I have been fortunate enough to be an eyewitness to these two great revolts against oppressive rule: the end of the Soviet Union at the close of the twentieth century and freedom's awakening in the Middle East at the beginning of the twenty-first. I have watched as people in Africa, Asia, and Latin America have insisted on freedom—perhaps with less drama than in the Middle East, but with no less passion. And in fact, as a child, I was a part of another great awakening: the second founding of America, as the civil rights movement unfolded in my hometown of Birmingham, Alabama, and finally expanded the meaning of "We the people" to encompass people like me.

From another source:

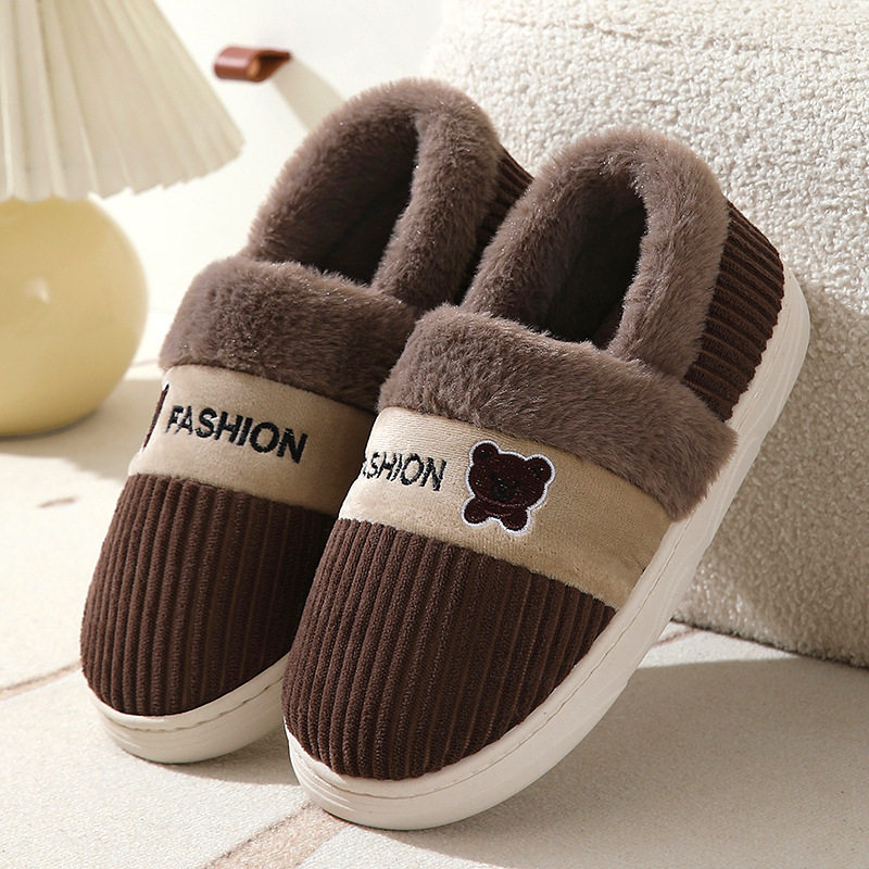 朴西居家静音棉拖鞋女秋冬季加绒保暖室内防滑舒适简约情侣棉拖男

These experiences have taught me that there is no more thrilling moment than when people finally seize their rights and their liberty. That moment is necessary, right, and inevitable. It is also terrifying and disruptive and chaotic. And what follows it is hard—really, really hard.

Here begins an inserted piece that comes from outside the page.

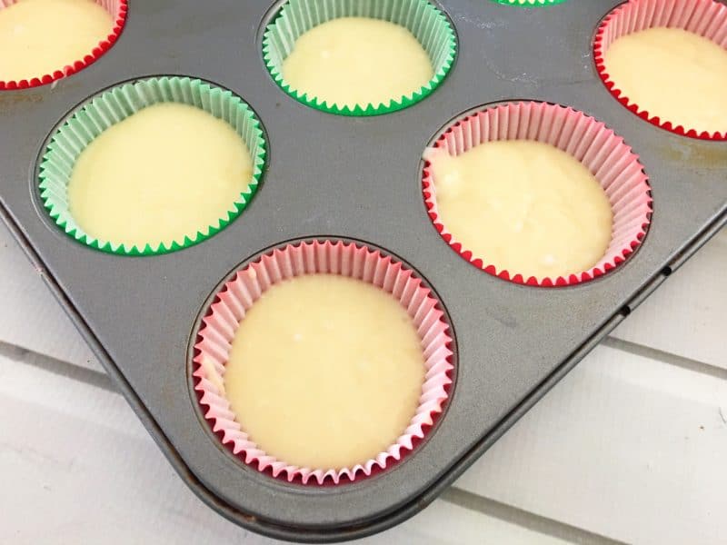Fill your cupcake liners halfway with your cupcake batter, bake for 15 minutes and let cool.

The Universal Declaration of Human Rights, adopted by the United Nations General Assembly in 1948, spells out a list of rights deemed to be non-negotiable: Everyone has the right to life, liberty, and security of person. Everyone has the right to freedom of thought, conscience, and religion. Everyone has the right to freedom of opinion and expression; to freedom of peaceful assembly and association; and to take part in their government, directly or through freely chosen representatives. The declaration does not use the term "democracy," but that is exactly what it describes.

Even leaders who are undeniably authoritarian make some claim to the mantle of democracy, either by holding sham elections or by trying to broaden the definition of "rights" to encompass goods they can deliver, like prosperity. Those who are not subject to popular will still crave legitimacy—or at least the appearance of legitimacy. Saddam Hussein held elections in Iraq in October 2002, just a few months before he was overthrown. (He was the only choice on the ballot and won 100 percent of the vote, with the official turnout also at 100 percent.) Few will say they simply rule by fiat, something that would have been wholly acceptable in times past. France's Sun King, Louis XIV, who declared, "I am the State," is one of many monarchs from history who claimed to rule by divine right.

If democracy is broadly understood to mean the right to speak your mind, to be free from the arbitrary power of the state, and to insist that those who would govern you must ask for your consent, then democracy—the only form of government that guarantees these freedoms—has never been more widely accepted as right.

Yet, while the voices supporting the idea of democracy have become louder, there is more skepticism today about the actual practice and feasibility of the enterprise. Scholarly and popular discourse is filled with declarations that democracy is in retreat or, at least, as Larry Diamond, my colleague at Stanford, has said, in "recession."1

The pessimism is understandable, particularly given events in the Middle East, where the promise of the "Arab Spring" seems to lie in tatters. If there is cause for optimism, it is in recognizing that people still want to govern themselves. Democracy activists in Hong Kong and mainland China risk persecution and arrest if they press their cause. Elections still attract long lines of first-time voters, even among the poorest and least-educated populations in Africa—and sometimes even under threat from terrorists in places like Afghanistan and Iraq. No matter their station in life, people are drawn to the idea that they should determine their own fate. Ironically, while those of us who live in liberty express skepticism about democracy's promise, people who do not yet enjoy its benefits seem determined to win it.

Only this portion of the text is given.